How about lantana and blackberry? Can they count as “dense habitat”? The guideline I like to use is that wildlife needs places where the vegetation keeps all humans out.
Suggestions that feral cats could be trapped, desexed, and rereleased as a method of population control were “crazy”, Dickman said, because you would have to desex at least 75% of the population to have an impact. That’s almost 5 million difficult-to-trap cats.

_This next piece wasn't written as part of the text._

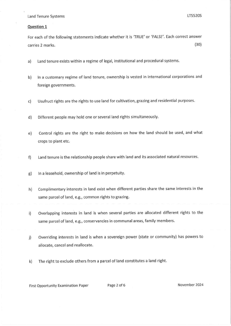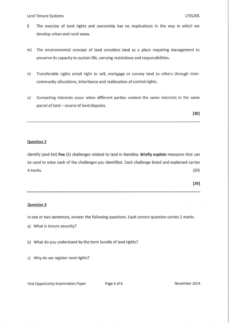 LTS520S - LAND TENURE SYSTEMS - 1ST OPP - NOV 2024

>>Among the proposals being suggested by conservationists are rebuilding dense habitat, so small marsupials have “boltholes” to escape cats.<<
It is very necessary to provide small animals with low dense vegetation so they can hide and escape the predators. Such habitat tends to be a fire hazard and more likely to be burnt out during bushfires or fuel reduction burns, but it must be persevered with to give them some hope of survival. I have seen dense blackberry providing suitable habitat for bandicoots and other small animals, so very good, but has the habit of spreading into farming areas, so not popular with some people. Not sure about Lantana, but it would need to be dense enough to keep cats and foxes out and being without thorns it might not be ideal.
>>Suggestions that feral cats could be trapped, desexed, and rereleased as a method of population control were “crazy”, Dickman said, because you would have to desex at least 75% of the population to have an impact. That’s almost 5 million difficult-to-trap cats.<<
Not sure what you would need to do there, but it is fraught with problems that will not be quick or easy to solve.